The Quality of National Data: IR Professionals’ Ratings

Can you trust national data? Are the data available to institutional researchers reliable?  

AIR asked a random sample of members to rate the quality of 11 large-scale data sets often used in IR studies. Quality was defined as the degree to which data are complete, robust, and accurate. Opinions were shared by 151 AIR members (a response rate of 31%).  

Nearly all survey respondents know IPEDS data well enough to have opinions about quality—only 7% did not offer ratings (that is, they had no opinion or did not know about quality). IPEDS stands out as a star among the data sets reviewed in that it is well-known and its quality is rated as very high or high by 66% of respondents.  

Respondents also know and have opinions about U.S. News sources—only 25% could not rate U.S. News Best Colleges data, and 34% could not rate U.S. News World’s Best Universities data. However, these data received the lowest marks of all sources reviewed. Only 8% of respondents offered very high or high ratings for Best Colleges, and even fewer respondents (5%) indicated positive ratings for World’s Best Universities. 

Less is known about the quality of other sources included in the survey. More than 60% of respondents did not rate five data sets: the National Community College Benchmark Project, the Consortium for Student Retention Data Exchange (CSRDE), the Survey of Doctorate Recipients, the National Survey of Recent College Graduates, and the National Study of Instructional Costs and Productivity (Delaware Study). An additional source, the College and University Professional Association for Human Resources (CUPA-HR), was not rated by 56% of respondents.  

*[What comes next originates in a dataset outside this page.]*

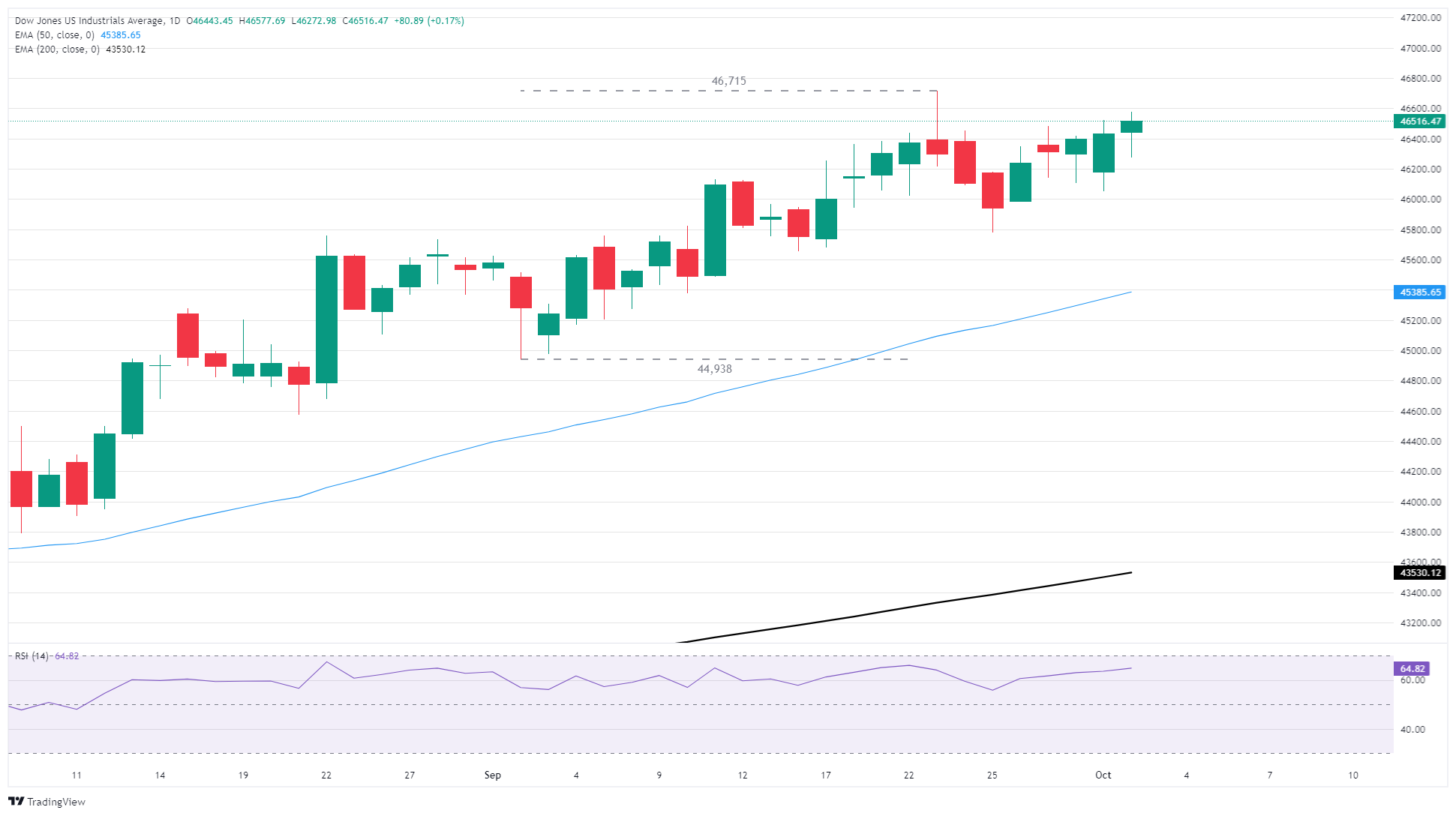 道琼斯工业平均指数(DJIA)在周四小幅上涨约100点,但仍接近46,500区域,因為股市在等待美国联邦政府的停摆。由于劳工统计局(BLS)警告称,政府停摆将导致最新的非农就业数据(NFP)报告被延迟或暂停,预计本周的关键美国劳动和工资数据将不会发布。

However, when “don’t know” and “no opinion” responses were removed, several of the lesser-known data sources were rated as very high or high by those who offered opinions. CSRDE, the Survey of Doctorate Recipients, and CUPA-HR were especially strong performers with very high or high ratings of 71%, 71%, and 68% respectively.  Maybe more institutional researchers should become familiar with these highly regarded data. 

These results show a wide variance in perceptions of quality of these 11 data sources included in the mini-survey. Respondents’ comments indicated three main concerns regarding data quality: questions about methodologies, lack of consistency of definitions, and the possibility of inaccurate results due to matching errors. Many respondents noted that they do not expect any data set to be “perfect,” and one individual suggested that “the question should be: What level of variation do we accept as good enough to do IR work?”  

Join the conversation and share your thoughts and questions about the quality of large-scale data sets below, and view the full survey results.




To add a comment, Sign In
Total Comments: 3
Marlene posted on 5/8/2013 10:22 AM
This is an important topic as it seems that so many different organizations have some means by which they are trying to assess what higher education institutions are doing. I was just sent a link yesterday to Pay Scale's ranking of institutions for ROI ( While they are clear about their methodology, questions remain...such as, how many responses form the basis for my institutional ranking?
Gerry posted on 5/9/2013 12:30 PM
This is interesting and potentially important, since it comes from those primarily charged with SUPPLYING those data to those surveys. Higher education researchers, often without IR backgrounds, should be aware of the concerns for data quality before they use some of these surveys for applied/basic research . . . garbage in, garbage out!
Eric posted on 5/10/2013 12:39 PM
I appreciate that we have a growing number of national data sets, but I would add that my concerns have always been about consistency of measurement. For example, decision makers like to point to retention rates, however there are various ways to measure retention. Even if there were a single, universally recognized measurement, like Gerry posted we would still need to be aware of validity/reliability issues for the data providers. You're right -- garbage in, garbage out.